Jerry Scanlan's right knee is hunky-dory, Russ Grimm's left leg is fine, Ron Saul's upper body is magnificent and Fred Dean's competitive fire has never burned brighter. If a mad Frankenstein could stitch these fellows into one monster of a left guard, the Redskins would appreciate it. Failing such dark of the moon surgery, Joe Gibbs does not have a left guard who can get out of bed in a single bound.
"Redskins Scan Waiver List," is the headline you'll see soon. Here we are three games through the exhibitions, with the real thing a week from next Sunday when the cursed Cowboys strut into town. And the Redskins' four left guards don't add up to somebody who could leg-whip Kate Smith, let alone Too Tall Jones.
You've heard of Right Guard deodorant; the Redskins must use Left Guard. Spray it on, and your knee falls apart. Saul's arthroscopic surgery of last week was the fifth excavation in there. Scanlan's knee has been opened twice, but at 24 he has nine years to catch up with Saul's stitches.
Grimm gimped off the Baltimore field Saturday night, his right ankle beat up again, and Dean still waits for his arm's bicep to heal from surgery. The situation is so bad Scanlan played Saturday although he had five stitches in his knee from Monday's arthroscoping. He suited up to watch, not to work.
"I hadn't done anything all week except stay off the knee," Scanlan said.
Blood showed through a bandage.
"Stitches came loose," he said.
Then he left to put ice on the bleeding hinge.

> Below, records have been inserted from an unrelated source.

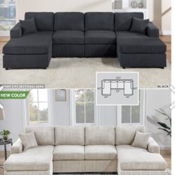 Ivory ,black ,fog color corduroy sectional sofa with ottoman 💥 BIG SALE$469Gardena, CA
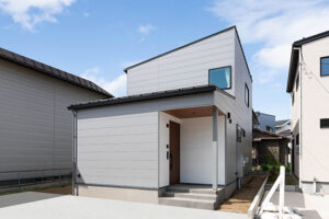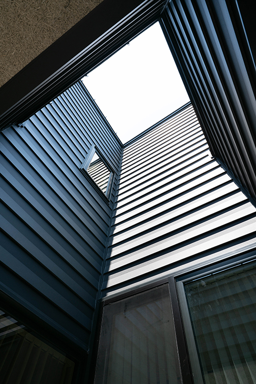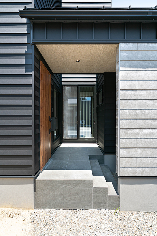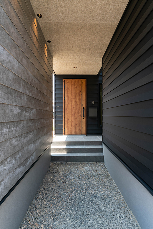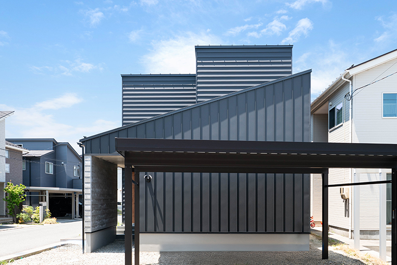 同素材・同色で統一しながら、1階は縦張り、2階は横張りに。外壁の“折り方”を変えることで、奥行きある表情を生み出した
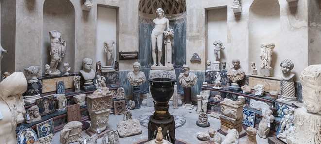 I modelli in gesso di questi battenti, a grandezza naturale, troneggiano proprio nella sala principale della casa-museo al Sacro Monte. Insieme a una serie di altri lavori realizzati da Pogliaghi stesso in oltre settant’anni di attività (morì nel 1950 a 93 anni), “mischiati” a una moltitudine impressionante di opere di svariata e diversissima provenienza: sarcofagi dell’antico Egitto, vasi greci ed etruschi, statue romane, capitelli medievali, sculture rinascimentali, dipinti del Sei e del Settecento. Ma anche bronzi dell’Estremo Oriente, figure lignee indonesiane, e un’eccezionale collezione di tessuti e di tappeti antichi, europei ed asiatici… Oltre duemila pezzi, insomma, allestiti come in una sorta di Wunderkammer, una grandiosa “camera delle meraviglie” che oggi restituisce, il più fedelmente possibile, i percorsi e le atmosfere ideati dallo stesso Pogliaghi.
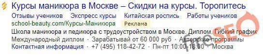 Подготовили и разместили рекламные объявления. Посмотрите на пример объявления на Поиске:
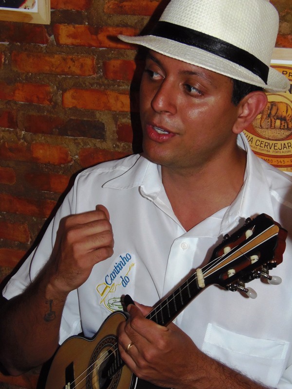 Você falou que veio tocar cavaquinho aos 19 anos. Antes, você passou por outro instrumento? Eu comecei a me envolver com violão aos 17, 18 anos, comecei a fazer aula, fiz três meses, só que o cara enrolava, eu comecei a ser autodidata. Comecei a ver uns amigos meus tocando cavaquinho, aquele som, me encantei, foi paixão à primeira vista. Eu comprei meu primeiro cavaquinho dum amigo meu, chamado Gustavo Smith, passei dois anos pesquisando, autodidata, fiz prova para a Escola e passei, de primeira, graças a Deus. Daí continuei, ainda peguei dois anos de aula quando era ali na Beira-Mar. Quem fez a prova comigo foi o professor Charles, na época. Foi uma oportunidade muito boa, por que quando a gente vai estudar música a gente vê que não sabe de nada, e até hoje, eu te digo: eu ainda estou aprendendo. Cada profissional que chega, como a gente já teve vários cursos de choro, eu até acho bom vir mais cursos de choro para São Luís. Teve um que a Petrobras trouxe, e a Vale, foi o primeiro [curso] de choro que teve aqui, que veio a [cavaquinista] Luciana Rabello. Tu é louco! Uma didática de palheta, que eu fiquei: “cara, eu não sei nada”. Depois fiz o segundo, e nunca parei de estudar. Comecei em bloco tradicional, e tal, quando entrei na Escola vi que não sabia nada, e comecei a estudar choro.
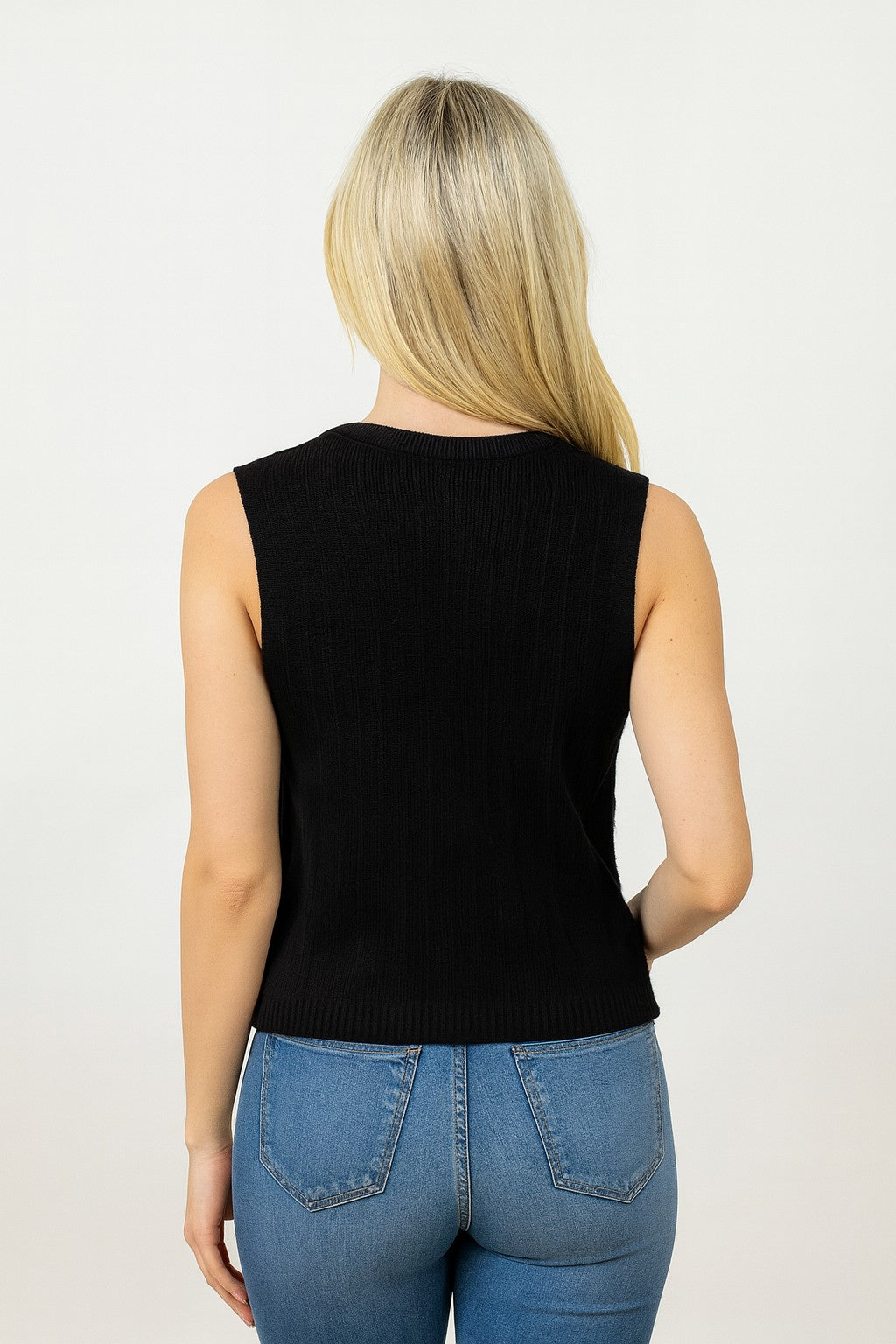 A chic sleeveless knit top featuring a sparkling jeweled

This is dirty work at left guard, but somebody's got to do it. You're supposed to be a large person of some intelligence. Maybe Bobby Beathard is talking to Orson Welles right now. Unreliable sources say Henry Kissinger called Gerald Ford, the old center, but Ford couldn't find his helmet.
"I'm petrified," said Joe Gibbs, and his knee wasn't even bleeding.
You won't read about a left guard wanting to negotiate next year's contract before this season starts. A left guard is a replaceable item, as the Redskins have proved this summer: Saul is a career guard, but Dean used to be a tackle, Grimm a center and Scanlan a tackle.
Ronald Reagan was a tackle at Eureka College before they moved him to guard. He probably played the far right side.
Still, Gibbs is stone scared for good reason: No one ever won an NFL game without a left guard.
The rest of the Redskins' line seems okay, maybe no better than last season when injuries hit the tackles, but no worse. The dirty-work guys were blameless in Saturday night's 13-7 victory. Joe Theismann was five for 16, but not because of poor protection or wayward throwing.
"We couldn't get a ball caught," Gibbs said. The alleged receivers seemed to have sprayed their hands with pigskin repellant. Theismann completed just one pass downfield, that over the middle for 12 yards. Such failure caused Jack Pardee to run a conservative, throw-it-short offense. It also caused him to get fired.
The Redskins gained only 98 yards rushing, 61 by Wilbur Jackson in the late going, but no one much cares. If the Redskins go from 6-10 of last season to 10-6, they will do it with Theismann's success in an aggressive passing offense. Such success will free up runners John Riggins, Joe Washington and Jackson (where have you gone, Clarence Harmon?).
We should qualify the verdict that the offensive line, except for left guard, seems okay. It is as okay as a line can be with four new starters among the five interior men, considering that the new starters never have run a play from scrimmage in an NFL game.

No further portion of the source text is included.